In the early winter of 1990, while working for The national sports newspapera short-lived but popular national sports newspaper, I went to Oklahoma and spent a week with Abe Lemons, the basketball coach at Oklahoma City University. He was quite simply the funniest person I have ever met. While coaching at the University of Texas, he once said to an unruly freshman, “Ah, damn. Somewhere on this campus there has to be a drug that slows you down.” He once summarized basketball training as follows: “There are only two plays: Romeo and Juliet and ‘Put the damn ball in the basket.'” When Abe first visited his future wife’s parents and went to church with them, he sat down with them for Sunday dinner. The father, who also happened to be the pastor of the church they had attended, asked Abe what he thought of the service.
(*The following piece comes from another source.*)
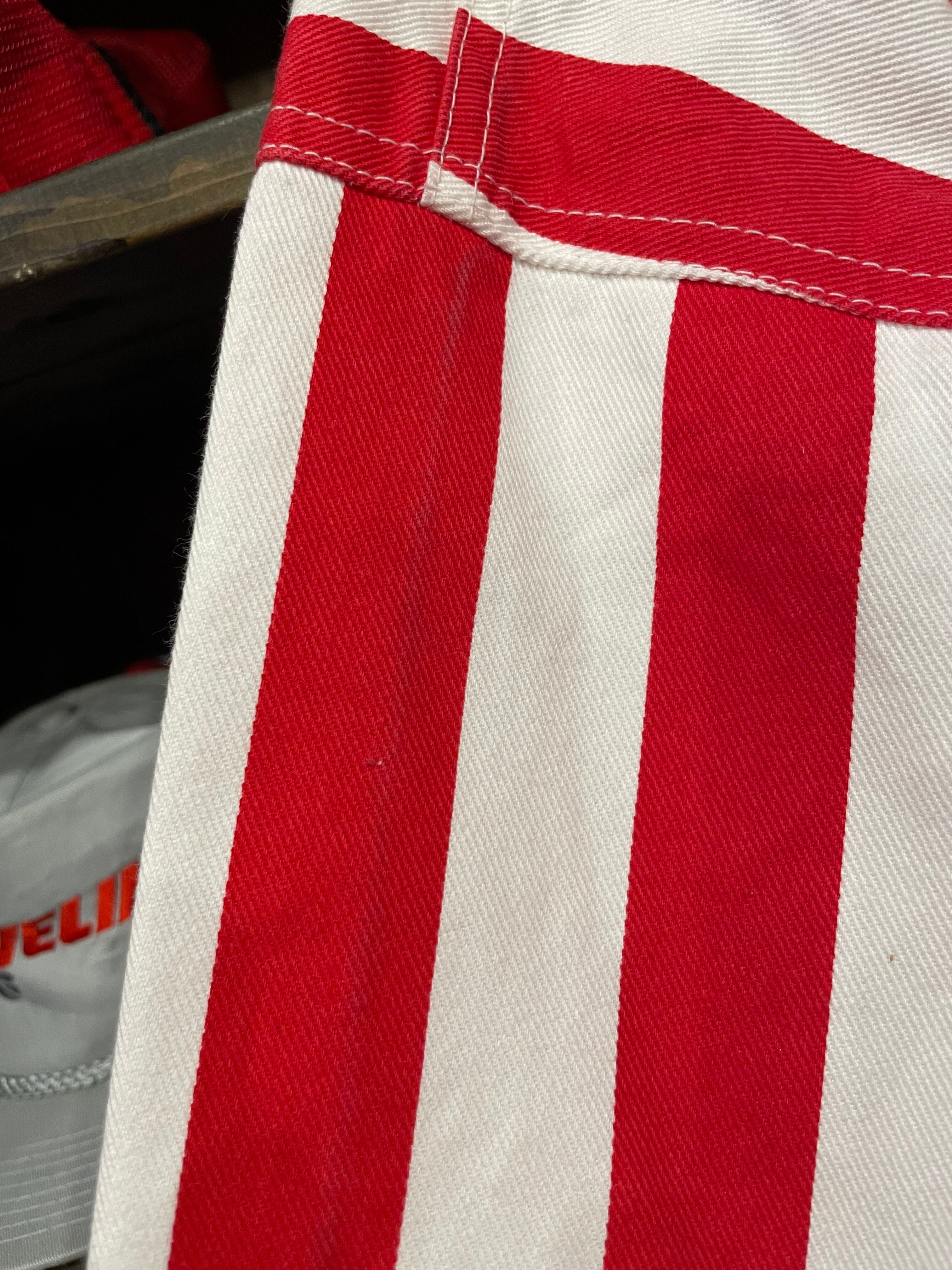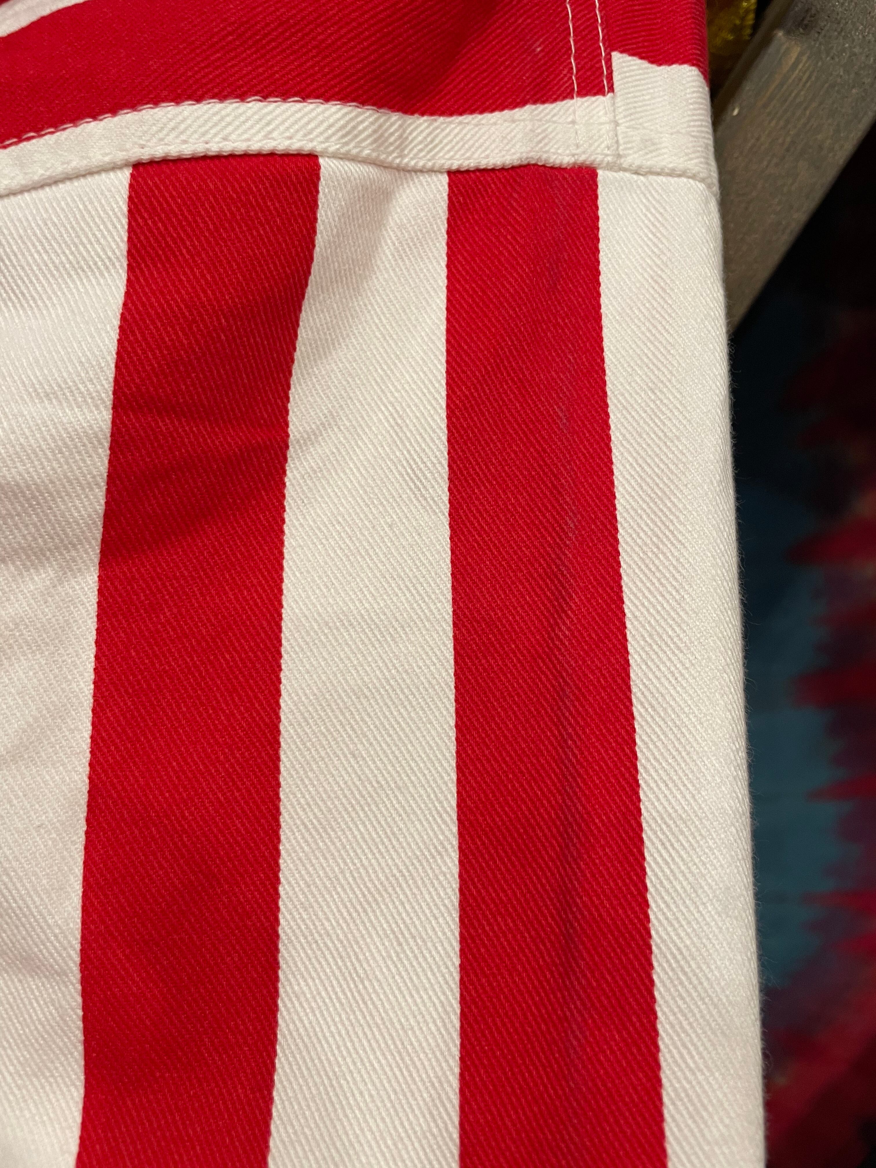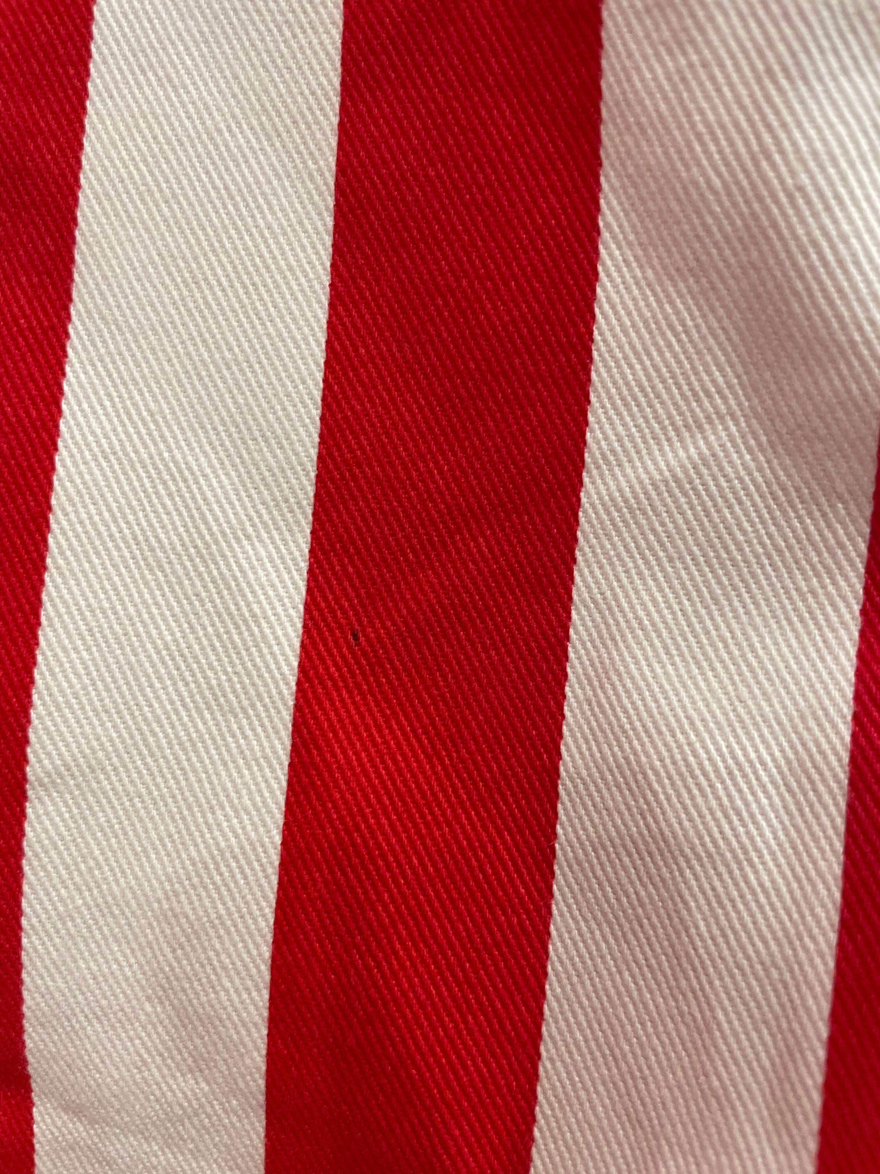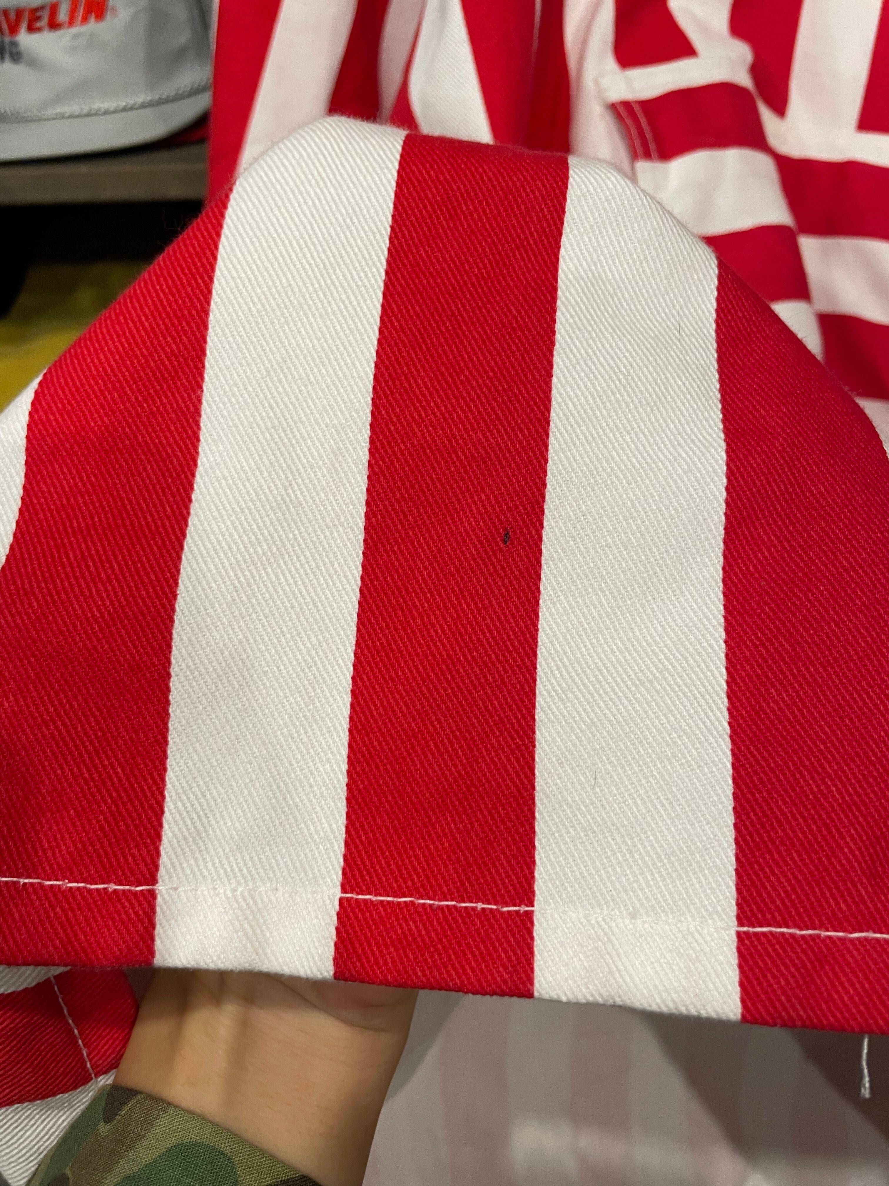 赤白ストライプがとてもハッピーでかわいいコットン素材のパーカーです。

“I liked it, sir,” Abe told him. “But I think you guys could have used some music.”

The Bible, the priest replied sternly, says nothing about music.
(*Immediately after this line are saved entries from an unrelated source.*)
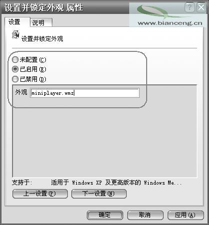 Windows Media Player是目前最流行的多媒體播放器之一,如果不希望其他用戶隨意更改其界面外觀的話,利用組策略可以輕松實(shí)現(xiàn)。打開“組策略控制臺→用戶配置→管理模板→Windows 組件→Windows Media Player→用戶界面中的設(shè)置并鎖定外觀”啟用此策略。
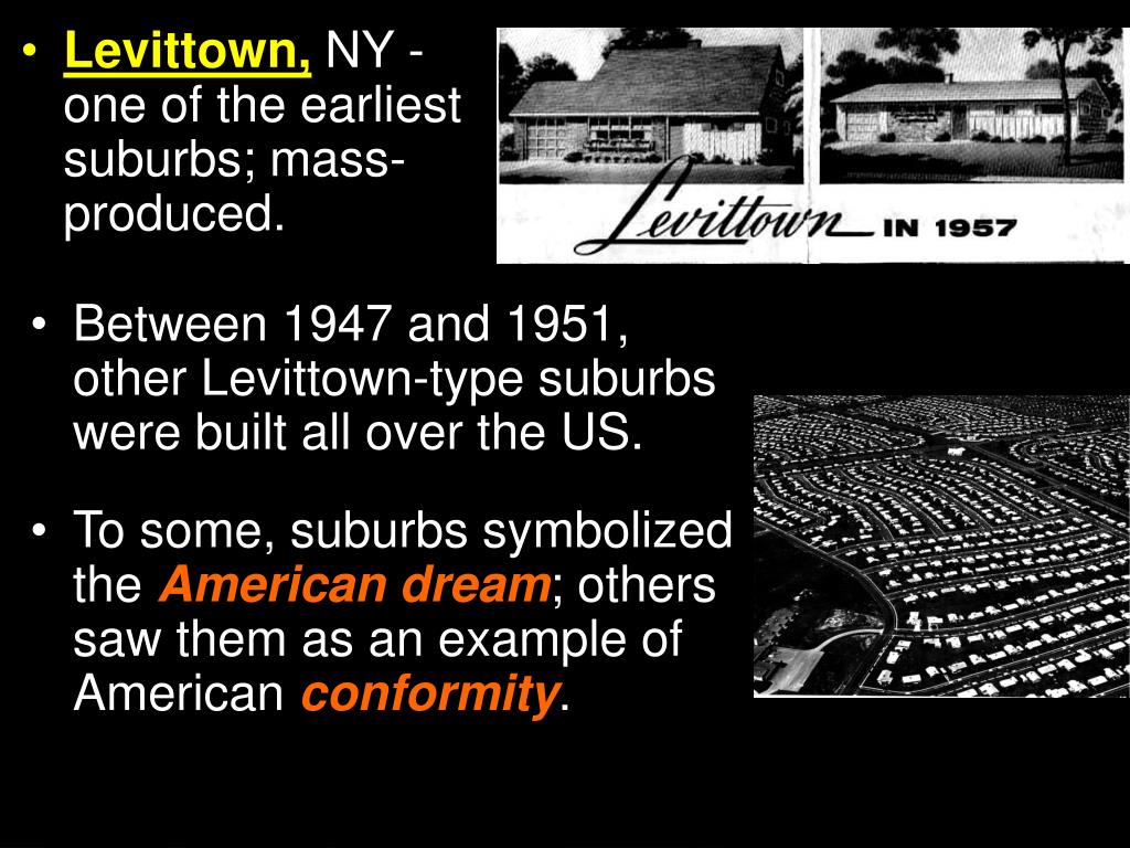 Levittown, NY - one of the earliest suburbs; mass-produced. • Between 1947 and 1951, other Levittown-type suburbs were built all over the US. • To some, suburbs symbolized the American dream; others saw them as an example of American conformity.
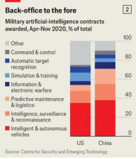7) El gráfico 2 muestra una comparativa del porcentaje de contratos militares sobre Inteligencia Artificial adjudicados por Estados Unidos y China entre abril a noviembre del 2020.
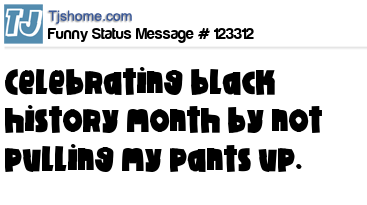 - # 45124 Celebrating Black History Month. I got my baggy FUBU jeans on with the chicken pouch... I hope my month is full of drive bys, gangster rap, 40 ozers, drug deals, watermelon and lots of fried chicken.... Happy Black History Month!!!!!!!
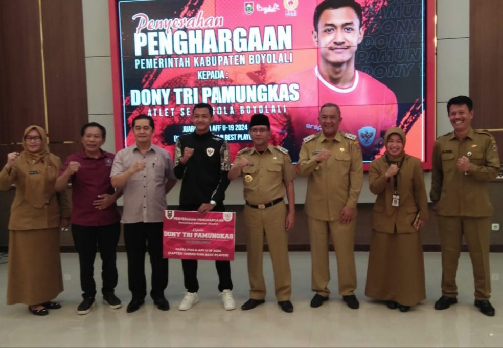 Fokus Jateng-BOYOLALI, – Kapten Timnas U-19 asal Boyolali, Dony Tri Pamungkas yang telah mwngarumkan nama Indonesia menjadi juara AFF 2024 sekaligus Best Player mendapat apresiasi Pemkab Boyolali.
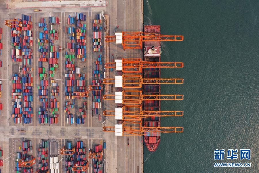 这是广西钦州保税港区集装箱码头(4月11日无人机拍摄)。 新华社记者 曹祎铭 摄
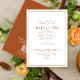 features template text fields pre-designed to allow couples to add the parents' names easily. On the back of the invitation we have included a QR Code for RSVP. We have taken care to design this invitation on Zazzle's Matte paper stock—elegant and understated, it suits softer, more subtle colors, and has an eggshell texture for a natural feel, and an uncoated matte finish. This cardstock is eco-friendly, made using 100% wind powered electricity, and is made and printed in the USA by Mohawk Fine Paper. (Elevate the design by choosing a felt or laid paper cardstock for a more luxurious finish.) This card will reflect well on who you are as a couple, and set the tone for a beautiful wedding. For matching products, view our Zazzle Collection here: https://www.zazzle.com/collections/elegant_burnt_orange_classic_script_wedding-119586740302574987 Copyright Anastasia Surridge for Elegant Invites, all rights reserved.
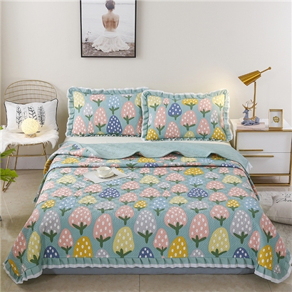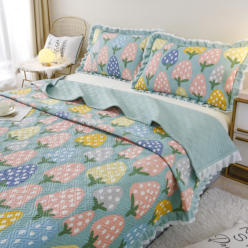 【三层复合】全棉夹棉绗缝床盖三件套【全棉/清新草莓-兰】
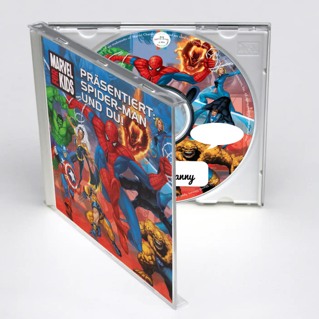 This music album in German – Spiderman und Du features 8 energetic, rhythmic and fully personalized songs with your child’s name. Each track celebrates Spiderman’s talent, courage and incredible powers — a guaranteed favorite among young superhero fans!

“Damn, sir,” Abe said. “It doesn’t say anything about chairs, and you all had plenty of them.”

Abe grew up in a place called Ryan, Oklahoma. One day, as we drove three hours to one of OCU’s away games—”out here in UFO land,” as Abe put it—he took a photo from his wallet. It showed the main current in Ryan, and above it was a huge cloud, black as night, parts of Kansas and Nebraska and, heck, the Dakotas and southern Manitoba, to name it. The battered old photo was dated 1936. Abe Lemons was a child of the Dust Bowl.

“The Dust Bowl” is a cautionary tale about what happens when people stop caring about the state of the land beneath their feet. According to the Earth Institute at Columbia University

The Dust Bowl drought of the 1930s was one of the world’s worst environmental disasters of the 20th century. Three million people left their farms in the Great Plains during the drought and half a million emigrated to other states, almost all to the West. But by 19th and 20th century standards, the Dust Bowl drought was not meteorologically extreme. In fact, the drought of 1856–65 may have resulted in a greater decline in rainfall. It was the combination of drought and poor land use that caused the environmental disaster.

Much of the plain was plowed in the decades before the 1930s as wheat cultivation expanded westward. Unfortunately, while natural prairie grasses can survive a drought, cultivated wheat could not, and when rainfall fell it shrank and died, leaving the bare earth exposed to the winds. This was the main cause of wind erosion and the terrible dust storms that hit the plains in the 1930s. Dust storms like this had never occurred during previous droughts. During the worst years of the 1930s, dust reduced visibility to less than a mile on up to a quarter of days. More soil was lost to wind erosion than the Mississippi carried into the sea. Although the numbers are not known, hundreds if not thousands of Plains residents died from “dust pneumonia,” a euphemism for blockage of the lungs by dirt.

In the midst of the Great Depression, the Dust Bowl left 500,000 Americans homeless. In the decade of the 1930s, over three million people left the Great Plains regions, 86,000 of whom went to California. Yes, the Dust Bowl also gave us the art of John Steinbeck, Woody Guthrie, and Dorothea Lange, among others, but even that doesn’t make up for the magnitude of the devastation.

It wasn’t until Franklin Roosevelt’s New Deal that an emphasis was placed on soil conservation and teaching farmers techniques to better protect the land. These included soil erosion and terrace farming. And the CCC created what was known as the Great Plains Shelterbelt: 200 million trees were planted from Canada to Texas to serve as both a windbreak and a measure to combat soil erosion by retaining water in the soil. However, it was not until nearly a decade later that the region experienced regular rainfall again.

When Tim Walz tells J. Divan Vance — who, by the way, represents Ohio, where a state university scientist called topsoil loss “the silent crisis” — what the climate looks like on the ground, he’s really talking about the climate crisis Location.